Dunkle Wolken über Darmstadt, sagt mein Vater. Erst kam der Frühlingssturm, sag ich, dann die Sommerturbulenzen. Wie, sagt mein Vater. Na ja, sag ich, ich wollte auch mal was Positives sagen. Frühlingssturm, Gemälde, Mathildenhöhe, sagt meine Mutter. Ach so, sagt mein Vater, hingegen kommt ein neues Stadion nie. Genau, sag ich, und was haben der Marienplatz und das neue Stadion gemeinsam? Ich höre, sagt meine Mutter. Es wird nicht gebaut, sag ich. Mein Vater kichert: Die alte Darmstädter Leitkultur lebt wieder auf! Welche, fragt meine Mutter.
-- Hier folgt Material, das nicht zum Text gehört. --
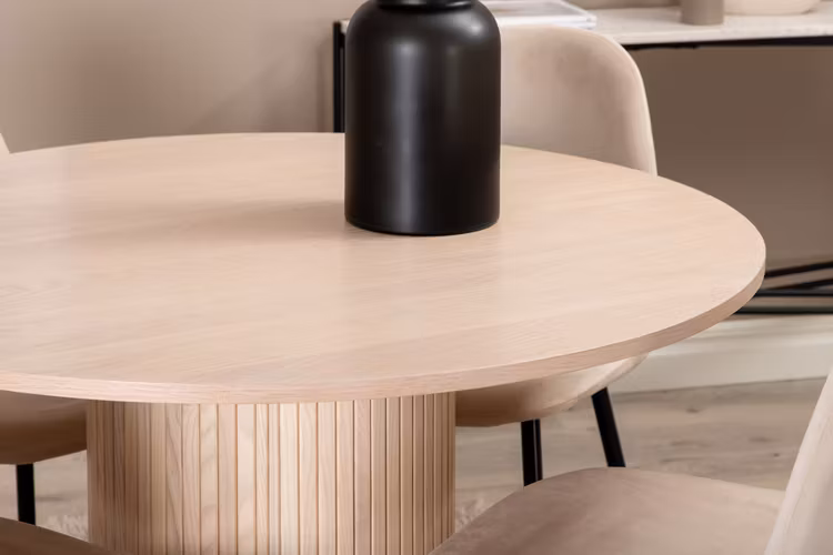 Möblera vardagsrummet modernt och mysigt med en charmig rund matgrupp! Kring vårt matbord Bianca skapar du en härlig gemenskap där ingen riskerar hamna på kanten. Bordsskivan är tillverkad i MDF och har en cylinderformad stomme i robust utformning och ribbad design. Den genomgående putsade vita kulören är lika tidlös som snygg och enkel att matcha med övrig inredning. Bordets mått: Diameter: 110cm, Höjd: 74cm. Här i läcker kombination av 4st vita Polar matstolar i beige sammetstyg med utsvängda stolsben i svart metall. Stolens mått: Höjd: 87cm, Sitthöjd: 45,5cm, Bredd: 44cm, Djup: 53cm.
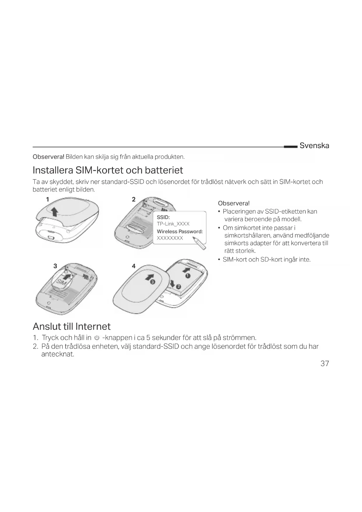 Wireless Password: XXXXXXXX SSID:TP-Link_XXXX SSID: TP-Link_XXXX Wireless Password: XXXXXXXX Observera!• Placeringen av SSID-etiketten kan variera beroende på modell.• Om simkortet inte passar i simkortshållaren, använd medföljande simkorts adapter för att konvertera till rätt storlek.• SIM-kort och SD-kort ingår inte.38 Svenska Obs! Av säkerhetsskäl rekommenderar vi att du ändrar standardinsättlningarna för namn och lösenord för det trådlösa nätverket. Njut! Obs!
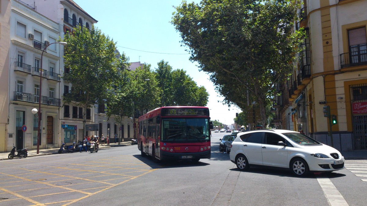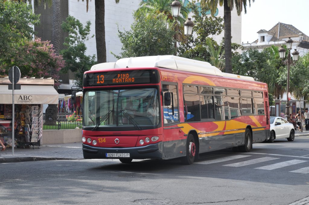 TUSSAM, Sevilla. Irisbus/Castrosua CS40 City (Nr.134) in Sevilla, Plaza del Duque.
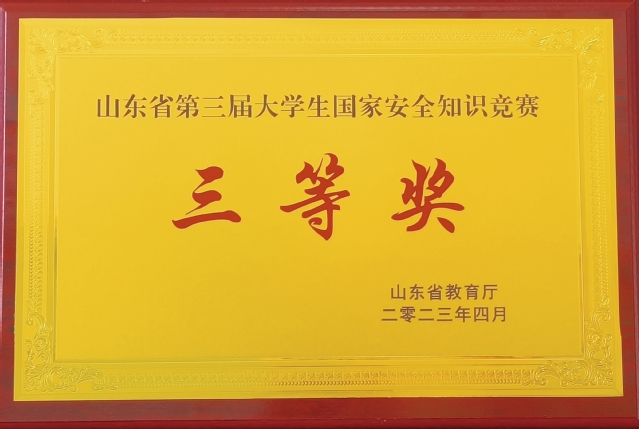 本网讯(学生工作处 于森)4月15日,由山东省教育厅主办的山东省第三届大学生国家安全知识竞赛落下帷幕,我校学生代表队荣获团体三等奖。
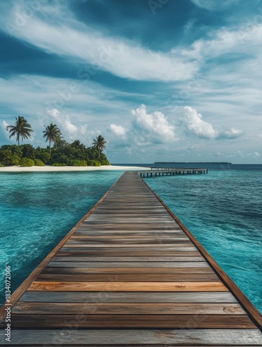 Fototapeta premium A long wooden pier leading into the ocean against a backdrop of palm trees...

Die optimale Beendigung des Planungsprozesses ist die Nichtrealisierung zum spätmöglichsten Zeitpunkt, sagt mein Vater und lacht laut. Meine Mutter geht raus und schlägt die Tür zu. Mein Vater guckt mich an. Ich konstatiere, sag ich, atmosphärische Störungen.